It doesn’t stop there, but I think you get the picture by now. And thinking back on all of this, I can’t help but be very, very happy. Because with very simple means and a big helping of suggestion, we managed to create an experience that was so much more than the sum of its parts for most players. Usually for better, rather than worse. The negatives were discussed on the forums because they were negative, not because they were in the majority. Who knows what wonderful stories never came to light because they were too beautiful to put into words? We even got an email from a player who compared the experience of being in our cyber-ecosystem to the emotions he had felt at the birth of his children. Considering the relative simplicity of the mechanics at work in making players feel this way, I can’t help but feel like this is a sort of transcendence in its own right.

But beyond the effect of the game on the community, lies something more important: the effect that making and unleashing the game had on me. If Michael Shermer’s TED Talk was the beginning of my road towards becoming the person I am today, theHunter was the point of no return. There are so many lessons to learn from the examples above and others like it. Like how the consensus of the community around the optimal call sequence could be compared to a scientific paradigm. Or how humans’ pattern-seeking kicks into full gear at the slightest provocation. Or how people’s preconceived notions are so incredibly dear to them that even when they speak directly with the Intelligent Designer/God of the game world, they will still argue with him about how the mechanics work and what factors are at play in the ecosystem.

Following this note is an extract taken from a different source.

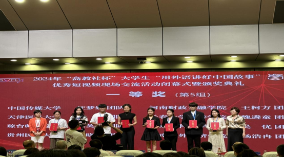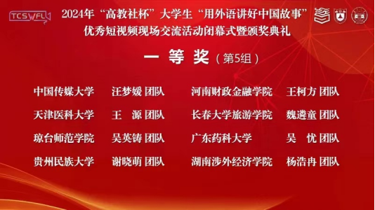 9月27-29日,由中国英汉语比较研究会指导,南京大学、湖南大学主办,高等教育出版社协办的2024年“高教社杯”大学生“用外语讲好中国故事”优秀短视频现场交流活动在湖南大学举办。我校入围的谢晓萌团队及其成员潘洲颖、田明涛、马俊(传媒学院),由赵艳副院长带队,代表贵州参与此赛事的全国决赛,最终获得全国一等奖。该团队由米兰(中国)副院长赵艳和英语系主任牛敏两位老师共同指导。这是我院自2023年以来在该赛事上连续两年荣获全国一等奖。贵州民族大学成为贵州省唯一晋级此赛事全国交流活动并荣获国奖的高校。
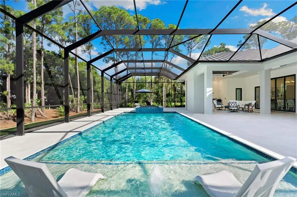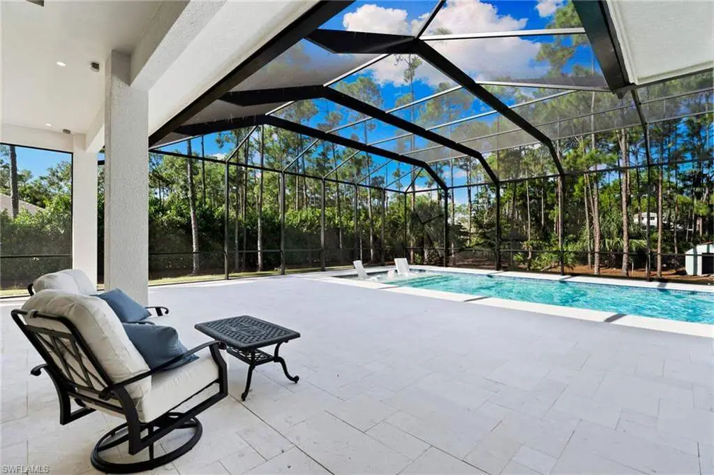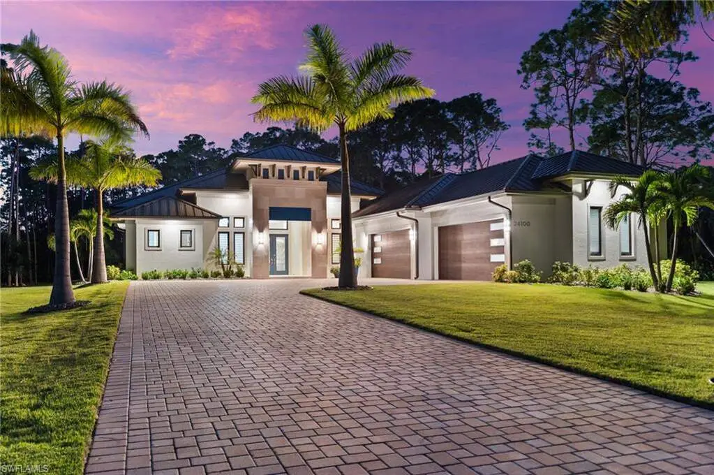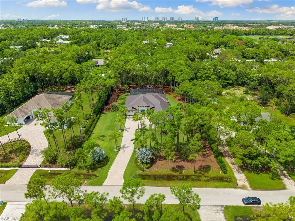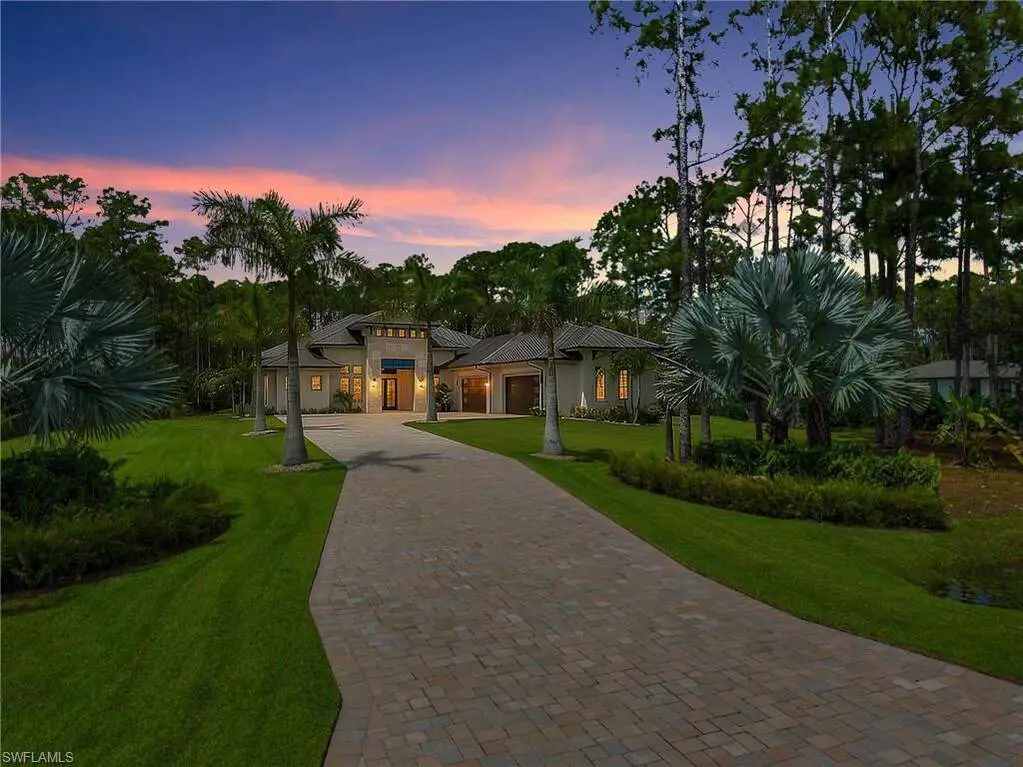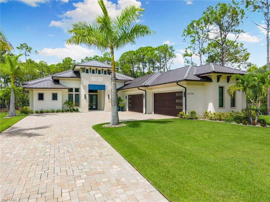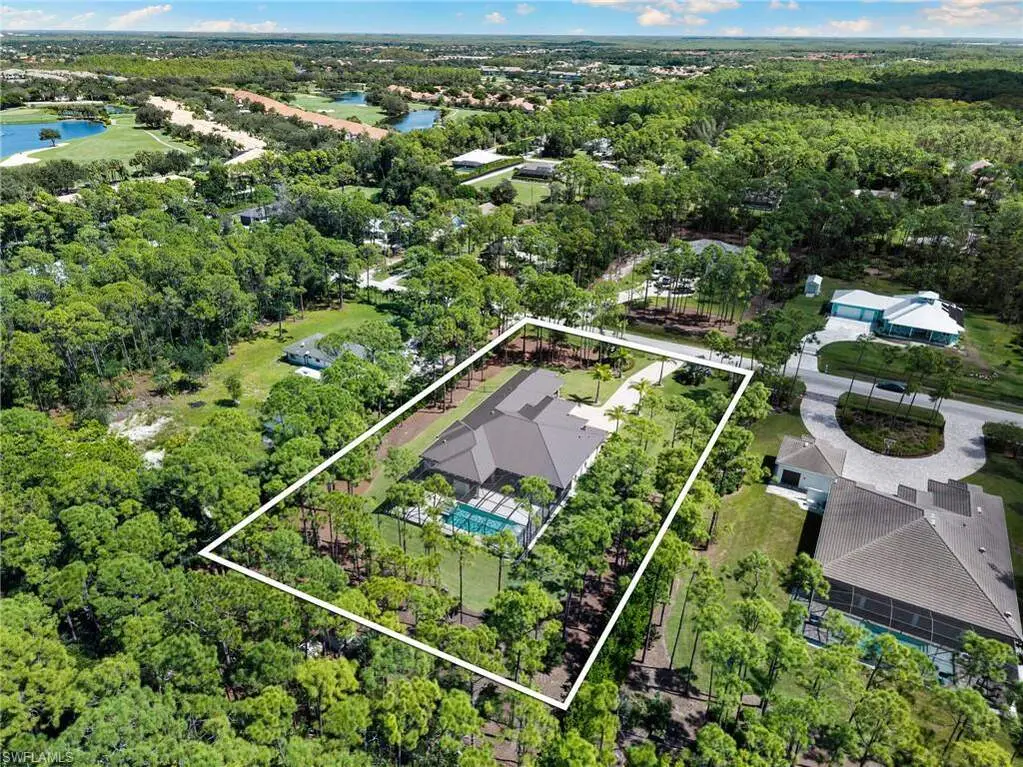 STUNNING 2023 CUSTOM-BUILT LUXURY ESTATE SITUATED ON A SPRAWLING 1.25-ACRE LOT IN BONITA SPRINGS' COVETED "SAN CARLOS ESTATES!" Enjoy serene, wooded views and prime WEST EXPOSURE for breathtaking sunsets and prime sun over the pool. This contemporary residence features an exceptional open floor plan with 2,745 sq ft under air, offering 3 bedrooms + den, an oversized laundry/mud room that could be converted into a 4th bedroom, an oversized under-air storage room (ideal as a closet for the 4th bedroom), a spacious 4-car garage with room for a home gym, hurricane impact windows & doors throughout, whole-house generator, a metal roof & 2 A/C zones for optimal comfort. Every detail was carefully designed, from the wide-plank wood-look tile floors and soaring ceilings with wood-beam accents to the custom shaker-style doors with champagne hardware and designer LED lighting. The chef's kitchen boasts a gas range, quartz countertops with a matching backsplash, an oversized eat-in island, driftwood-style cabinetry with champagne fixtures, Miele & Monogram appliances, a walk-in pantry, and an adjacent wet bar with wine fridge. The fully pocketing sliders create a seamless indoor-outdoor flow, opening to a private oasis with a resort-style 38 ft long salt water pool (complete with tanning shelf and bubbler), spa, outdoor kitchen with gas grill, griddle & wine fridge, covered seating with fireplace, and expansive pool deck-perfect for entertaining and al fresco dining. The luxurious primary suite offers a spa-like bathroom with a modern free-standing tub, oversized walk-in shower with multiple shower heads, dual vanities with custom cabinetry, and a generous walk-in closet with center storage island. Impeccably landscaped, this estate is finished with a pavered driveway and stately front exposure. Residents of San Carlos Estates enjoy unparalleled space, privacy & nature with the best dining/shopping amenities just down the street. No HOA fees or rental restrictions! Peaceful living in a central location with easy access to US-41, Imperial Pkwy & I-75. 2 mins to the Promenade shopping/dining, less than 5 mins to Coconut Point, 15 mins to world-class beaches & 20 mins to RSW International Airport.

Having taken all these lessons to heart, then, how could I ever believe in UFO’s, Bigfoot or homeopathy? How could I ever consider anecdotes to be anything more than very, very weak evidence? How could I not laugh at the concept of Intelligent Design, and especially the Teleological Argument?

How could I ever respect those who do not, first and foremost, doubt themselves?

15 Comments
  1. Anders Elfgren permalink

    Hah, very cool!

    Who knew that skepticism was useful in game design too? 🙂 Another designer, less educated in these topics than yourself, may very well have believed the users and spent development resources trying to fix these “bugs”.

    All of your points would be good candidates for the Skeptic’s Guide to the Universe’s “Name that logical fallacy” segment 🙂

  2. Yota permalink

    Yeah, it is an awesome game!! I miss working on it 😦 I am very happy that it is still continuing…. However, I still need to get a better PC than my home netbook. I hope you are enjoying the fish and chips 🙂

    • Yota,

      Funny you should say that, we just had fish and chips for lunch today. 🙂 Hope life treats you well too… thanks for helping make the memory of this game one of the fonder in my life. 🙂

  3. Juan permalink

    The hunter was a life changer for myself as well. It was my first game and the most exciting project I have been involved with since. I remember getting pretty obsessed with playing the game, and spending way to many hours at home just trying to kill a F@#$ deer. It took me more than 28 hrs to get my first real kill (server side game)

    what an incredible team we were. Once again, thanks for the opportunity buddy!

  4. Update, or I shall have you maimed by forks and maybe plates.

    • Gah! All right. But I’m gonna get me a nicer chair first, as my butt hurts from sitting on a kitchen stool.

      • I read you had to get nicer hair first, and I thought “For writing something on a blog? Wow, that’s narcissist…”

  5. I of course mean to say I enjoy your writing, and would like more of it.

  6. You have left a great legacy and I’m blessed to work with the dedicated and vocal users of the community as well as my skilled colleagues. It’s a great game on a niche more or less on it’s own.

    Regards,

    Lion M – Community Manager of theHunter

  7. Ashkeldir permalink

    Miss you all, thanks for the memories…

    Thankful things are continuing onwards and upwards for the game – but sad because it wouldn’t be where it is today if it hadn’t been for you – especially you, Doru, for your vision…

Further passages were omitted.